The work to expand the use of participatory approaches takes a mental shift, one that organizations and funders can nurture by pondering several key questions as they gather evidence of program impact:

  1. Who needs the proof? Large-scale funders often suggest multiyear experimental studies, but the nonprofits we talked to put their participants’ views first. Kwame Owusu-Kesse, CEO of Harlem Children’s Zone, emphasized proving the value of interventions to parents and caregivers: “They don’t ask for an RCT before putting their kids in after-school programs.” Tools such as participant councils and town halls shift power to participants, asking them to use data to prioritize near-term action.
  2. Who determines what impact matters most? Bias is inherent in measurement and data interpretation, but participatory methods favor the participants. Ben Goodwin, executive director of Our House, a multiservice shelter-to-independence provider in Arkansas, began surveying clients in 2015 with a survey tool called Listen4Good, developed by Shared Insight. Goodwin now gives data from ongoing biannual surveys to a client council which interprets and distills the information into an action agenda. “We’re trying to take our own unconscious bias [as managers] out of the picture,” he says. 
  3. How do you ask the right questions? Nonprofits that focus on participant-centered measures tap community wisdom to guarantee they’re asking the most relevant questions. SOLE Colombia, based in Bogotá, hosts learning spaces where participants self-organize to address community challenges, like education or safety. They then test these questions by sending them out for community feedback. After the feedback is collected, SOLE listens, learns, and adapts the questions until participants agree the items are ready for a broader dialogue that they feel ready to facilitate.
  4. What are the links to program outcomes? Several organizations conducted multiyear research, exploring how participant feedback connects to outcomes. Preliminary findings suggested causal links. Center for Employment Opportunities, which helps formerly incarcerated people get jobs and rekindle their lives, indicates that participant feedback revealed complementary components of a program that helped them succeed. “We learned it doesn’t help to have a mentor without a core [job placement] program, but we wouldn’t have learned that through purely quantitative outcome evaluation,” says Ahmed Whitt, director of learning and evaluation.
  5. What are the wins for society? Perhaps the most forward-facing results of participatory research are advocacy wins — changing systems and society. Pace uses direct input from its girls to identify local, state, and federal policies that need reform. One of Pace’s most successful community campaigns lobbied for misdemeanor and civil-citation legislation so law enforcement could censure girls for petty crimes without arresting them. This is one example that has led to a 65 percent decrease in arrests of girls in Florida over the past decade.

Next Steps for Funders

With the expansion of experimental and participatory approaches, comes greater opportunity to mix methods. Subarna Mathes, strategy and evaluation officer at Ford Foundation, describes this inflection point in building evidence of social impact as a “transitional moment in the field of evaluation where what actually counts as truth, what counts as valid, what counts as data is shifting and needs to shift.”

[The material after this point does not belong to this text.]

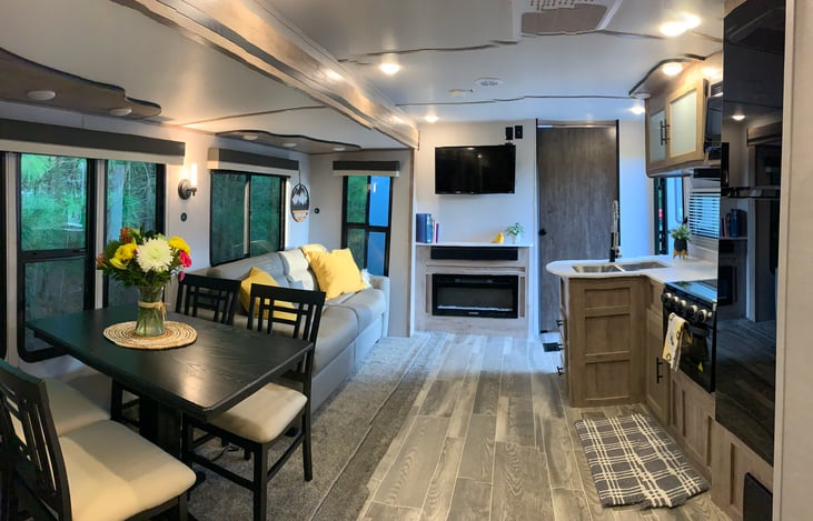 This amazing brand new RV has kingsize master, queen size bedroom and 2 bathrooms! Nice kitchen area, dining room table sofa bed and a fireplace for those chilly nights.

While, we can’t generalize outcomes from a single longitudinal study, we must learn under what conditions an intervention can work. We can do this by seeking participants’ insights at every step of evaluation, design, and delivery, always remaining aware of power and context.

This article is excerpted from the report Building Equitable Evidence of Social Impact by Lymari Benitez, senior director of program information and impact at Pace Center for Girls, Yessica Cancel, Pace’s chief operating officer, Mary Marx, Pace’s chief executive officer, and Katie Smith Milway, principal of MilwayPLUS and a senior advisor at The Bridgespan Group. Fund for Shared Insight, Project Evident, and Feedback Labs helped curate focus groups at the heart of the research.